Rep. Lauren Boebert (R-Colorado) failed to disclose her husband’s large energy company earnings during her congressional campaign as required by law, according to a report by The Associated Press.

Boebert’s husband made $478,000 last year and $460,000 in 2019 while consulting for Terra Energy Productions, according to the disclosure. The lawmaker, who filed the 2020 earnings this week, should have reported the income last year during her run for office, as campaign and congressional finance laws require lawmakers to disclose all sources of income, including investments.

AP reported that, while there is no Terra Energy Productions in Colorado, there is a Houston, Texas-based company called Terra Energy Partners that claims to be “one of the largest producers of natural gas in Colorado.”

The late disclosure raises ethical questions for transparency advocates.

“Voters have a right to know what financial interest their elected officials might be beholden to,” Kedric Payne, Campaign Legal Center senior ethics director and former deputy chief counsel for the Office of Congressional Ethics, told The Washington Post. The Office of Congressional Ethics should investigate the lawmaker for what “could be [a] criminal” failure to disclose, if it was done intentionally.

Boebert now serves on the House Natural Resources Committee, which oversees energy and land management in the U.S., including fossil fuel extraction inland and offshore. She has also introduced legislation that could have benefited her husband financially or professionally, as Terra Energy’s focus is on oil and gas exploration, according to its website.

Since January, when Boebert was sworn in, she has introduced several pro-fossil fuel bills and made statements aimed at bolstering the industry or taking down its detractors, the American Independent reported.

In her first month in office, the Colorado representative introduced a bill that would have barred the U.S. from reentering the 2015 Paris Agreement, a nonbinding international agreement to reduce greenhouse gas emissions.

The next month, she introduced a bill that would keep the U.S. from banning oil and gas leasing on federal lands and reverse Joe Biden’s decision to axe the Keystone XL pipeline.

Boebert criticized the Green New Deal after Rep. Alexandria Ocasio-Cortez (D-New York) and Sen. Ed Markey (D-Massachusetts) reintroduced the resolution earlier this year. In her statement, Boebert said that the proposal calls for a reduction in fossil fuel use that would throw the country into “a literal energy dark age.”

Boebert is not the only lawmaker defending fossil fuels who has close ties to the industry. The oil and gas industry contributes millions to lawmakers, influencing Republicans and Democrats alike to continue legislating in their favor.
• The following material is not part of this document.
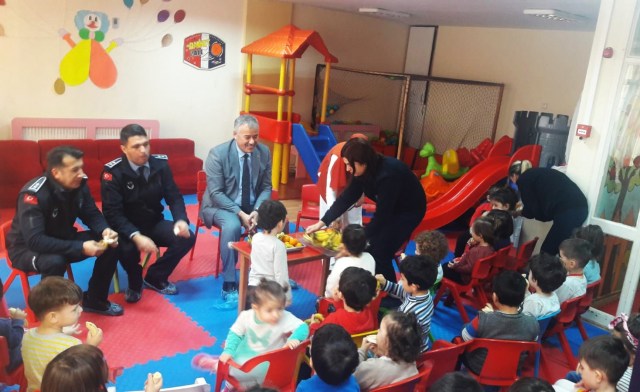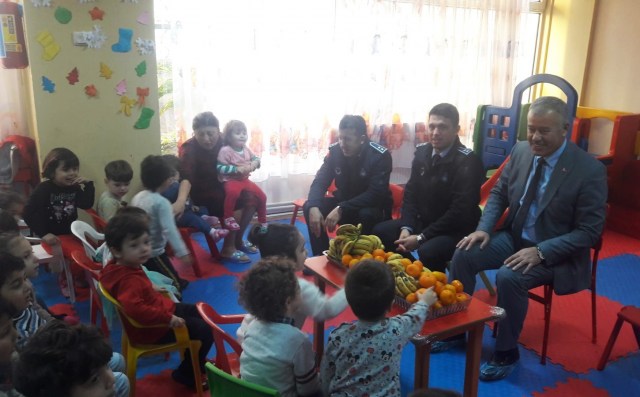 Zabıta Müdürü Halit Aydın ve zabıta ekipleri daha sonra Belediye Kreşi’ne geçerek öğrencilere yerli muz ve mandalina ikram etti. Aydın, yerli ürünlerinin kullanılmasının önemi hakkında bilgi verdi.

The most recent and high profile example of this is the infrastructure bill, which was stripped of its climate provisions by lawmakers under the influence of oil giant Exxon.

The Colorado Republican also faces scrutiny over other potentially illegal actions involving campaign funds, including questions from the Federal Election Commission over an “apparent personal use of thousands of dollars in campaign funds.